We utilized a convenience sample of college students on two campuses within a single university system, of whom 40% reported being criminal justice majors. It is also important to note that our measure of policing aspirations was retrospective. It is possible that participants may have dreamed at one point in their lives about being police officers but simply did not remember doing so. Additionally, due to the cross-sectional/retrospective nature of our data, time-order could be questioned. It is possible, for example, rather than masculine self-concept influencing aspirations that the reverse is true. That is, individuals may base their self-perceptions of masculinity on assessments of their own skills and interests (e.g., policing is masculine, and I like policing so I must be masculine), though our interpretations aligned with theory and previous empirical work. Further, masculinity remained significant even after accounting for the strong effects of major and having friends or family in law enforcement. Longitudinal research is necessary to fully understand the development of policing aspirations over the life course.

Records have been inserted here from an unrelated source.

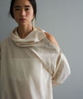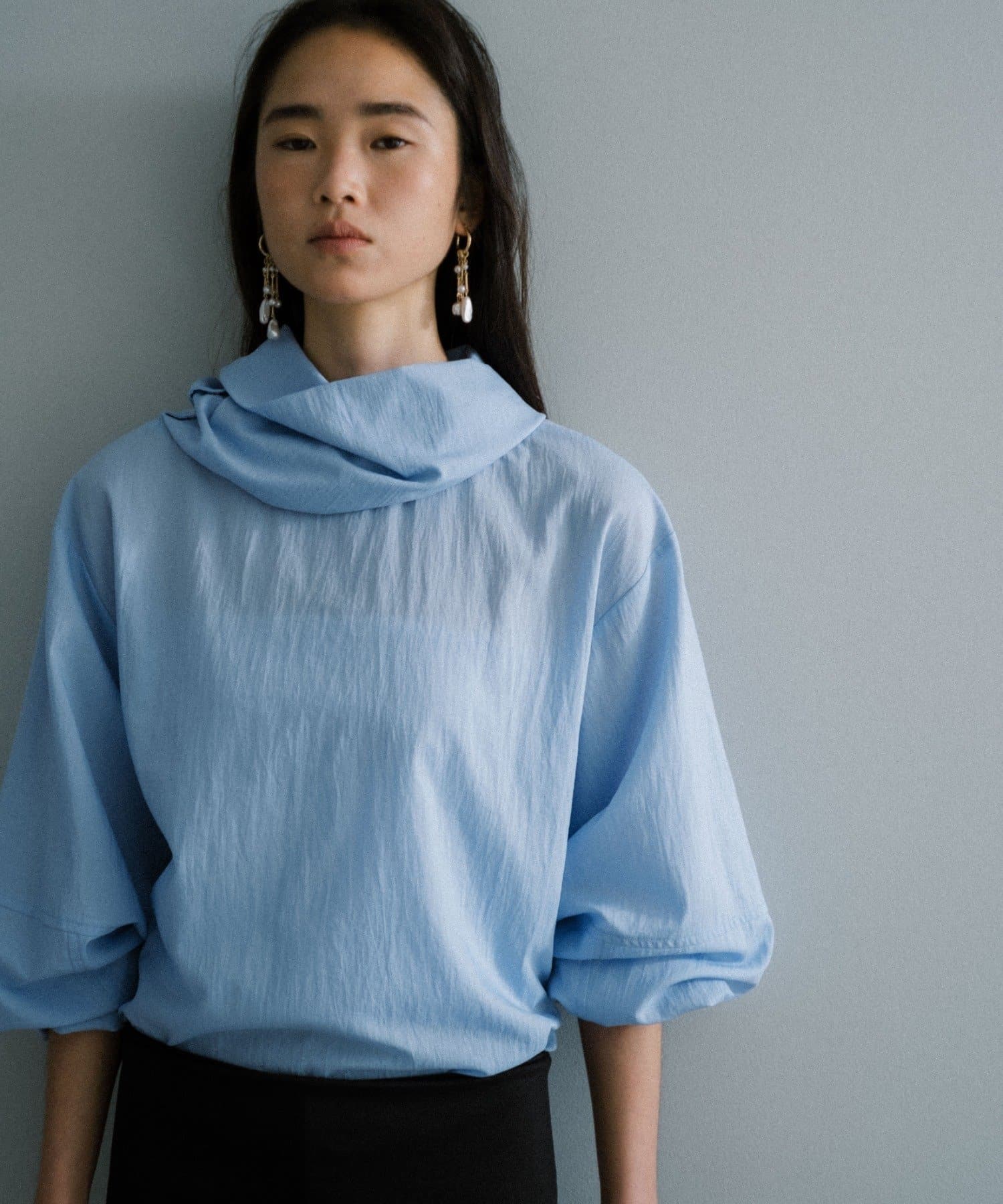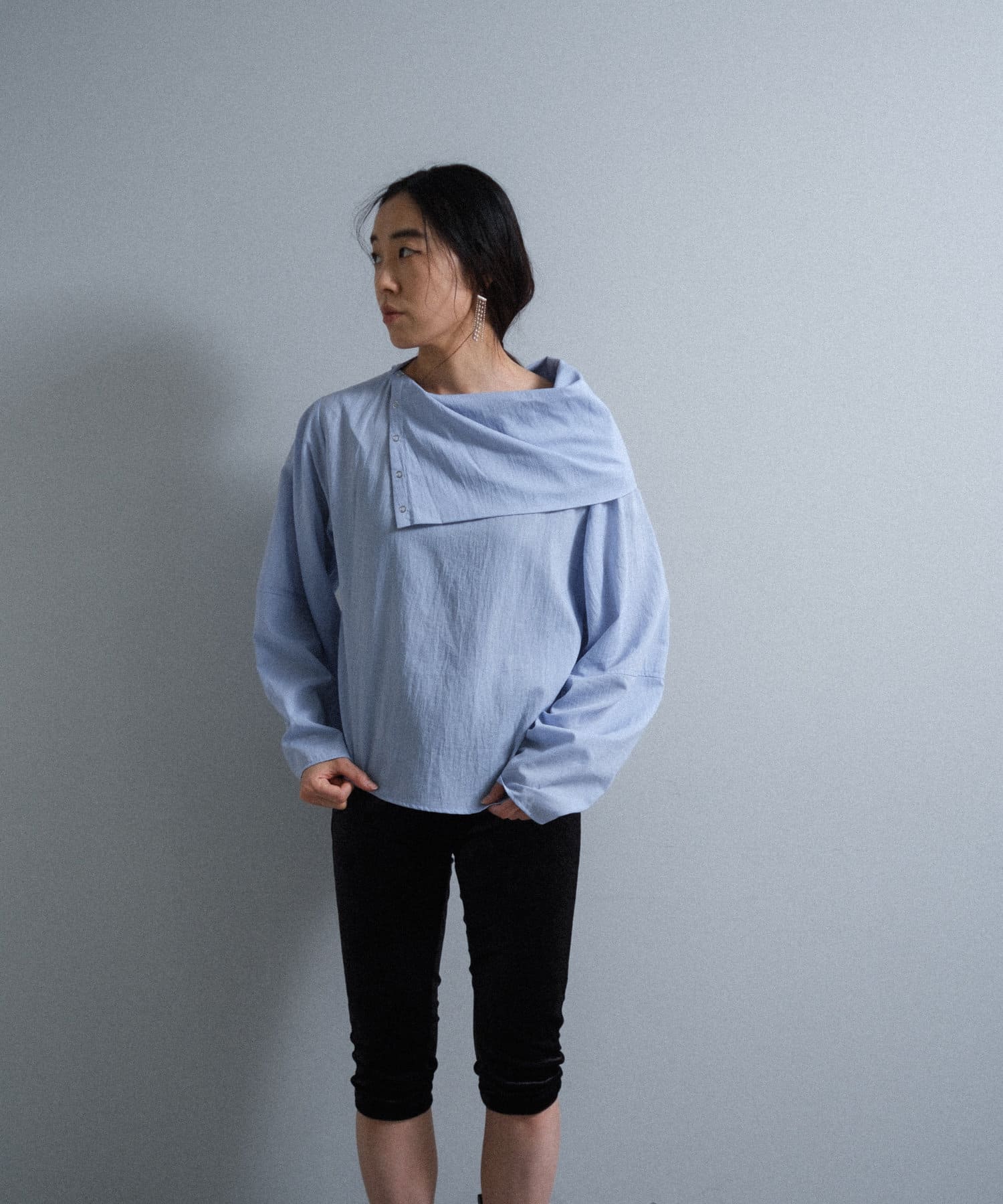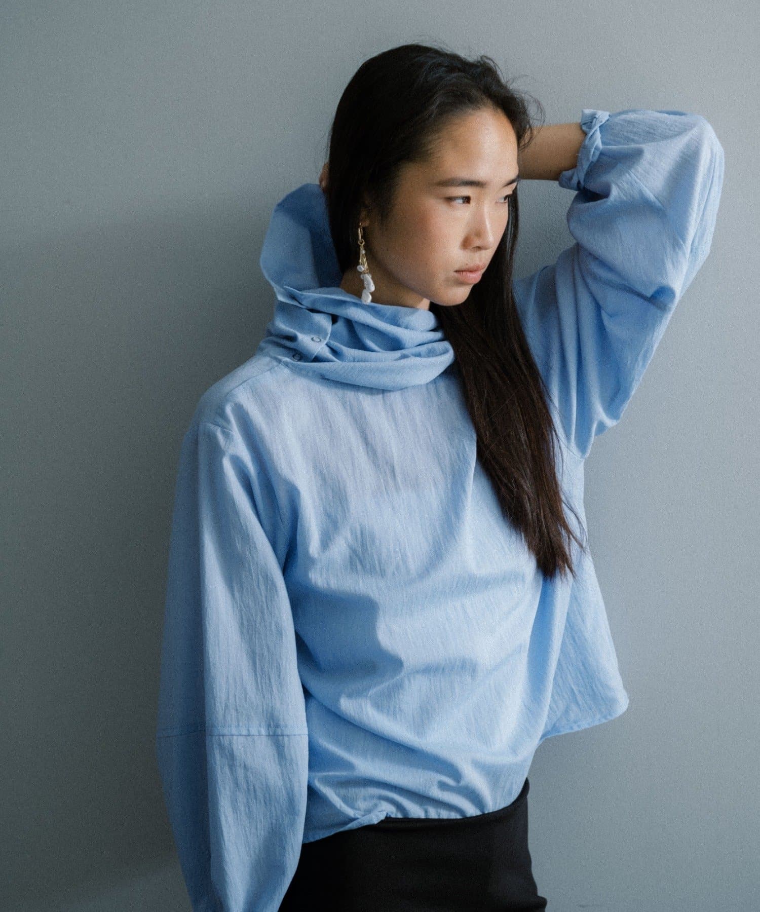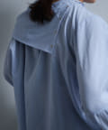 目を引く特徴的な大きな襟は、首脇に沿うようについたボタンをすべて留めると、首元にくしゅくしゅと生地が溜まってまるでフードがついたようなデザインに。肘まで開くスナップボタンを肩まで開けると、ワンショルダーデザインになり、お好みの開き具合に調整ができます。スカーフ型の変形襟は、ボタンの留め方次第で襟幅もアレンジ可能。(やってみないとちょっとわかりにくい)
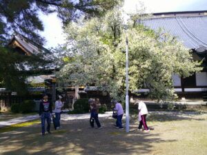残念ながら桜はほぼ終わっていましたが、本成寺の白い桜(種名は不明(;^_^A)が満開でした‼ゆっくりと散策を楽しみ、本成寺で願いごとをし、長久にもどってからガーデンで昼食会。お天気も良く外で食べるお弁当は最高‼ 食後は、お花見にはかかせないお団子(笹団子とフロリダ)をみんなでおいしく食べました🍡
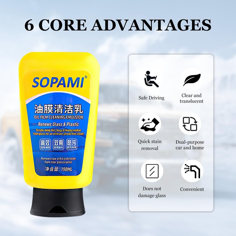 - 【Defogging and Anti-Fog】Sopami oil film emulsion glass cleaner has the function of defogging and anti-fogging, window cleaner can effectively prevent the glass surface from fogging after cleaning, and form a protective layer on the surface of the glass,preventing water stains,dirt,and fog, and maintaining clarity and transparency
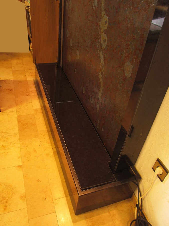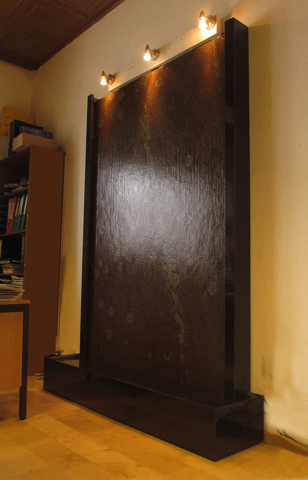 Es handelt sich beim der Wasserwand “Rusty Papagaios” um eine Wasserwand aus brasilianischem Buntschiefer. Mit dieser individuellen Lösung erhalten Sie einen effektiven Luftbefeuchter und ein optisch beeidruckendes Wasserspiel für Ihr Heim. Das Wasser fließt sanft über die natürlich strukturierte Schiefer-Oberfläche und sorgt für eine beruhigende harmonsche Atmosphäre.
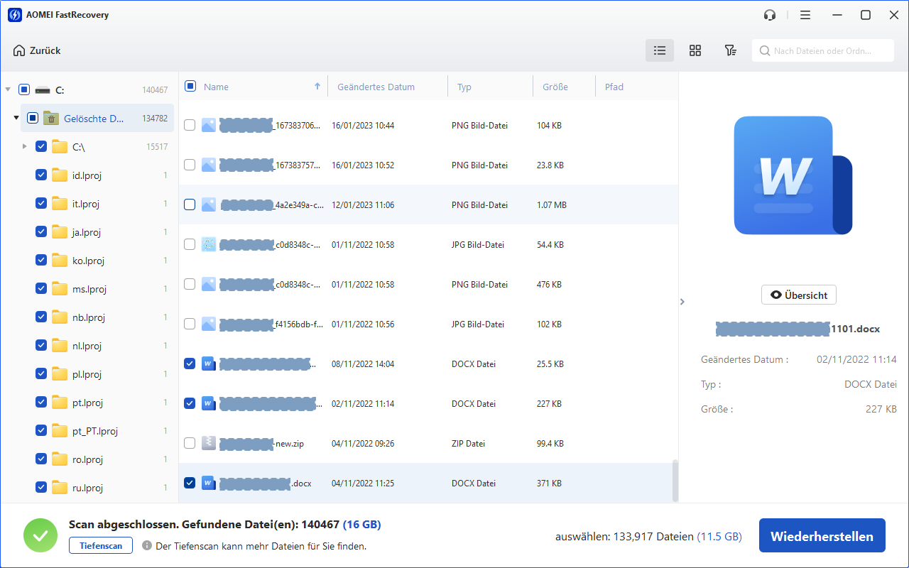 - Einfach und bequem: Stellt gelöschte/verlorene Dateien wieder her und behält Dateinamen, Pfade und Strukturen bei.

Finally, we utilized a single-item indicator of masculinity, thus we could not examine different types of masculinity as they relate to policing aspirations. However, many masculinity measures (e.g., Bem, 1974; Spence, Helmreich, & Stapp, 1974) assume certain personality characteristics make you masculine or feminine. A strength of our measure is that the interpretation of masculinity was left to participants; they were reporting on the extent to which they consider themselves masculine. Replication with additional samples and measures of masculinity would add confidence, and likely nuance, to our findings. With the straightforward approach utilized in our data, we were likely tapping how individuals feel they fit with stereotypical views of masculinity. Future research should consider how different types of gender ideologies might relate to career aspirations.

Conclusion

The NIJ’s Policing Research Plan for 2017-2022 identifies workforce development as priority number one. In particular, it emphasizes the importance of research on “factors that influence and motivate members of the workforce…and attract viable candidates to the policing profession” (NIJ, 2017). Future orientation literature tells us that we learn what our future could include from both cultural messages and role models. A long history of gender socialization and salience of masculinity in the culture of policing may combine to inhibit the aspirations well-suited individuals. Our research indicates (1) women are still less likely than men to consider policing as an option, (2) masculinity influences policing aspirations for both men and women (i.e., more masculine = more likely to consider policing), and (3) the relationship between gender and policing aspirations is mediated by masculinity (i.e., men see themselves as more masculine which partially explains their higher levels of policing aspirations). At the same time, men were no more likely than women to recommend policing as career for others, indicating that men and women see it as equally valid, but women are just less likely to see themselves fitting into it. Therefore, something must be done to shift the public images and role models if we are to recruit a more representative police force. Future research should expand its focus on what draws men and women to the field of policing, how policing interests and aspirations evolve over the life course, and barriers that might prevent women and men from pursuing policing ambitions.